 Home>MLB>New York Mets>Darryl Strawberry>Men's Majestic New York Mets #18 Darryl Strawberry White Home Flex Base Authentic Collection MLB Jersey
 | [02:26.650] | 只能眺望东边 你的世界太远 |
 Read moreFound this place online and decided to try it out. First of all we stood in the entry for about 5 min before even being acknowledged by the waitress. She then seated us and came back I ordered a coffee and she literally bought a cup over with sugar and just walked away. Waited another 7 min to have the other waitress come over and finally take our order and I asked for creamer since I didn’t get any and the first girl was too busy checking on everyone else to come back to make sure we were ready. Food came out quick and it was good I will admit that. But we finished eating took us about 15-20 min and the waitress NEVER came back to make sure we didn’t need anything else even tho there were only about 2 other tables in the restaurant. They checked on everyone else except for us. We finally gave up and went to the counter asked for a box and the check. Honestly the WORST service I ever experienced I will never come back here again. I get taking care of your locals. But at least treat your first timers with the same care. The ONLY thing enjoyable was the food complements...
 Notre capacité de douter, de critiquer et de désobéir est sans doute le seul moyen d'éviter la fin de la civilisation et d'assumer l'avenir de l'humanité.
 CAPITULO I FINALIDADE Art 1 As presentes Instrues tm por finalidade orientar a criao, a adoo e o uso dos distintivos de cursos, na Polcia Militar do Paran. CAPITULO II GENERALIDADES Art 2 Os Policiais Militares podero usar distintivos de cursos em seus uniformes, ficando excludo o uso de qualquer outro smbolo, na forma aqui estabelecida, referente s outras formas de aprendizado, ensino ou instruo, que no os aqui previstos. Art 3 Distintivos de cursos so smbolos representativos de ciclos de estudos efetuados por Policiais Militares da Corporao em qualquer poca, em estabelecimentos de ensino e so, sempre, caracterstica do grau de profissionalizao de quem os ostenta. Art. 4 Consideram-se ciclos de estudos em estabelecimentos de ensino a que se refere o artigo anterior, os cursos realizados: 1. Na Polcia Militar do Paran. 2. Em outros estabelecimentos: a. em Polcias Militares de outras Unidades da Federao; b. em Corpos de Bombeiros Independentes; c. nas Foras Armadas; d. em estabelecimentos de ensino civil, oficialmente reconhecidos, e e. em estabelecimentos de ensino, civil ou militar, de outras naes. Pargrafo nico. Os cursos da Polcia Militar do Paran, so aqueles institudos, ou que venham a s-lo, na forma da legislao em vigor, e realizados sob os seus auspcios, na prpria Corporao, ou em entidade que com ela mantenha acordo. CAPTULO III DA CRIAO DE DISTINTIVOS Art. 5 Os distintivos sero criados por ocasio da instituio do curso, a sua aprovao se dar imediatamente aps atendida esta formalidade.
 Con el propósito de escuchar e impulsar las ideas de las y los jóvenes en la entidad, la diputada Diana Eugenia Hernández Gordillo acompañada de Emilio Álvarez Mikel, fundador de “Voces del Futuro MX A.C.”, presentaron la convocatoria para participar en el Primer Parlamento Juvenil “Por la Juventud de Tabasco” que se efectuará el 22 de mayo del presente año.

...

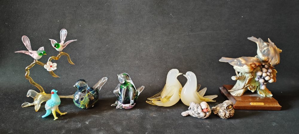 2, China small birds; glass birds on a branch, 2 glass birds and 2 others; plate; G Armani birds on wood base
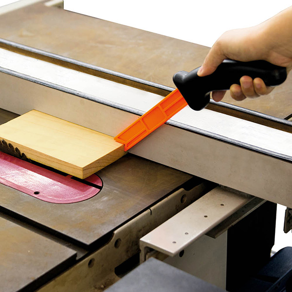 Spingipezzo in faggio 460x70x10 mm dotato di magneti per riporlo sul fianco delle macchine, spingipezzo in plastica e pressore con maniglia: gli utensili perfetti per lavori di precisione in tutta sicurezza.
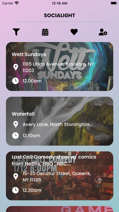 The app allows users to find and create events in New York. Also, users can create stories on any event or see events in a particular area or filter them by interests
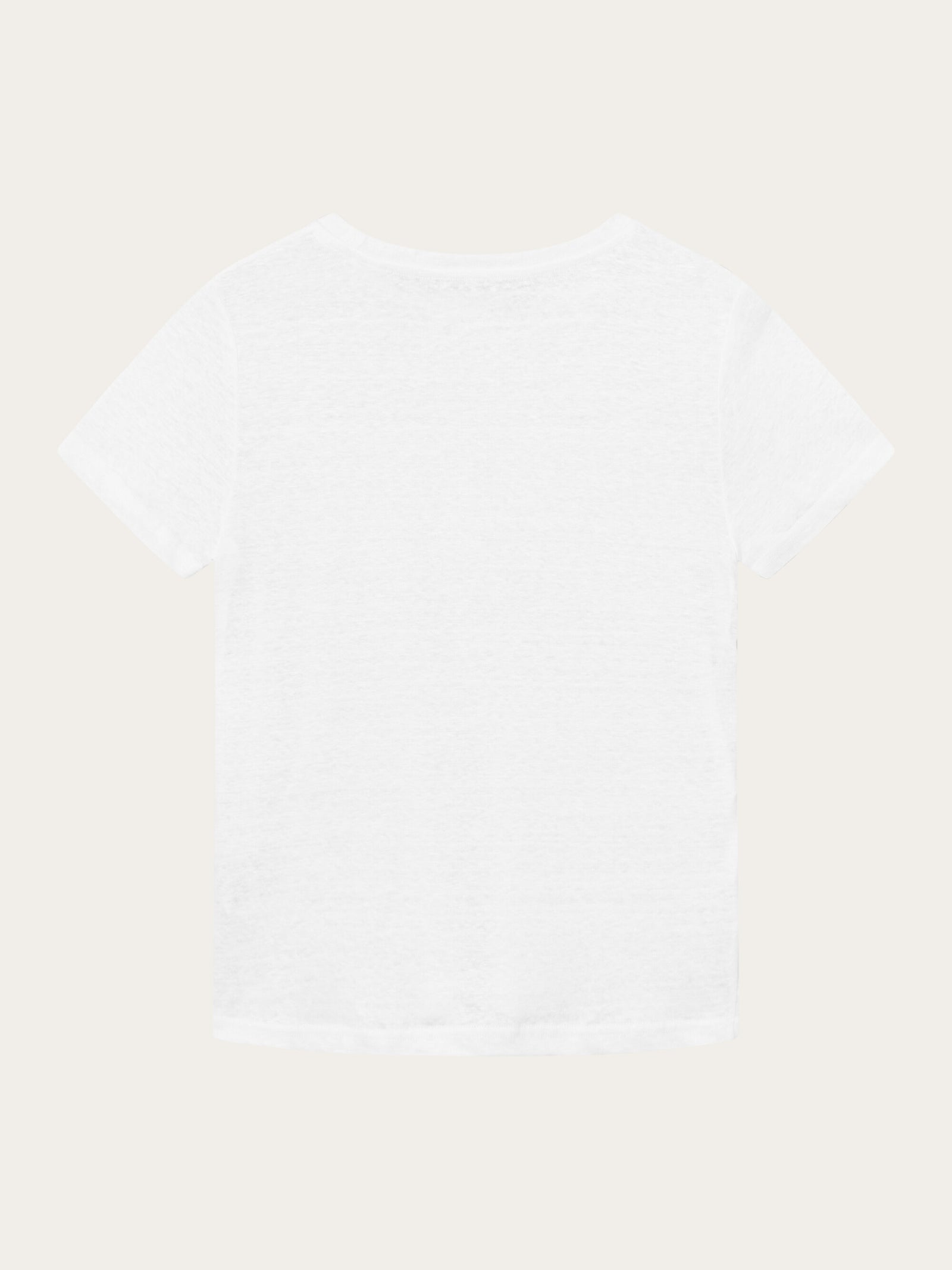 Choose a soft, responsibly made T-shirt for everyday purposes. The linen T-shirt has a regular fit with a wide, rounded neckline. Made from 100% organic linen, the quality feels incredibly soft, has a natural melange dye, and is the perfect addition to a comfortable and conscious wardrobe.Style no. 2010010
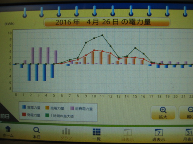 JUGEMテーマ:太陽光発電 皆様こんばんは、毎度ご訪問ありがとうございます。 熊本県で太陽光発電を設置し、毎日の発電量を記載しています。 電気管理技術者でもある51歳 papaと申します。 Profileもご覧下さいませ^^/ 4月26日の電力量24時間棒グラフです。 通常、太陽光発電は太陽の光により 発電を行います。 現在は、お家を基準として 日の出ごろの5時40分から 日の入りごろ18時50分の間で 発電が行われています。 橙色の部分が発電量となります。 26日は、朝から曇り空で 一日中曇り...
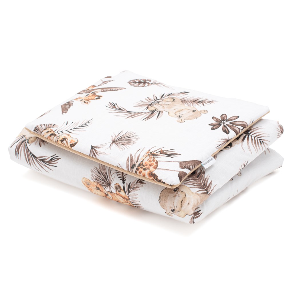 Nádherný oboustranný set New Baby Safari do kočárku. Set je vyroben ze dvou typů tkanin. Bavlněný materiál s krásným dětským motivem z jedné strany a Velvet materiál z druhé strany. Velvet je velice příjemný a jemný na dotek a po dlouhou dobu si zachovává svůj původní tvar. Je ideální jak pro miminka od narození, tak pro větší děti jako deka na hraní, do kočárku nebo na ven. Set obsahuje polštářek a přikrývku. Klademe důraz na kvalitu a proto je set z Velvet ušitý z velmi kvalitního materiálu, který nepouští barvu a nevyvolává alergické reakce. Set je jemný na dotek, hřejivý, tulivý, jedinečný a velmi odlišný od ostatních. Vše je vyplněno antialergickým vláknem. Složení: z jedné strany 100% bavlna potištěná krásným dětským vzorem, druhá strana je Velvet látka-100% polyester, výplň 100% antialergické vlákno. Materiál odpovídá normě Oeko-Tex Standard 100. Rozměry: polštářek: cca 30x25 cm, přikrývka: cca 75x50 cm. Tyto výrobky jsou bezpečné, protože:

Exercise goal: Word for word, retype the lines in the entries above that run from the one with "The app allows" through the one with "Nádherný oboustranný set". Both ends count; pictures do not.

Reply to the exercise:
 The app allows users to find and create events in New York. Also, users can create stories on any event or see events in a particular area or filter them by interests
 Choose a soft, responsibly made T-shirt for everyday purposes. The linen T-shirt has a regular fit with a wide, rounded neckline. Made from 100% organic linen, the quality feels incredibly soft, has a natural melange dye, and is the perfect addition to a comfortable and conscious wardrobe.Style no. 2010010
 JUGEMテーマ:太陽光発電 皆様こんばんは、毎度ご訪問ありがとうございます。 熊本県で太陽光発電を設置し、毎日の発電量を記載しています。 電気管理技術者でもある51歳 papaと申します。 Profileもご覧下さいませ^^/ 4月26日の電力量24時間棒グラフです。 通常、太陽光発電は太陽の光により 発電を行います。 現在は、お家を基準として 日の出ごろの5時40分から 日の入りごろ18時50分の間で 発電が行われています。 橙色の部分が発電量となります。 26日は、朝から曇り空で 一日中曇り...
 Nádherný oboustranný set New Baby Safari do kočárku. Set je vyroben ze dvou typů tkanin. Bavlněný materiál s krásným dětským motivem z jedné strany a Velvet materiál z druhé strany. Velvet je velice příjemný a jemný na dotek a po dlouhou dobu si zachovává svůj původní tvar. Je ideální jak pro miminka od narození, tak pro větší děti jako deka na hraní, do kočárku nebo na ven. Set obsahuje polštářek a přikrývku. Klademe důraz na kvalitu a proto je set z Velvet ušitý z velmi kvalitního materiálu, který nepouští barvu a nevyvolává alergické reakce. Set je jemný na dotek, hřejivý, tulivý, jedinečný a velmi odlišný od ostatních. Vše je vyplněno antialergickým vláknem. Složení: z jedné strany 100% bavlna potištěná krásným dětským vzorem, druhá strana je Velvet látka-100% polyester, výplň 100% antialergické vlákno. Materiál odpovídá normě Oeko-Tex Standard 100. Rozměry: polštářek: cca 30x25 cm, přikrývka: cca 75x50 cm. Tyto výrobky jsou bezpečné, protože:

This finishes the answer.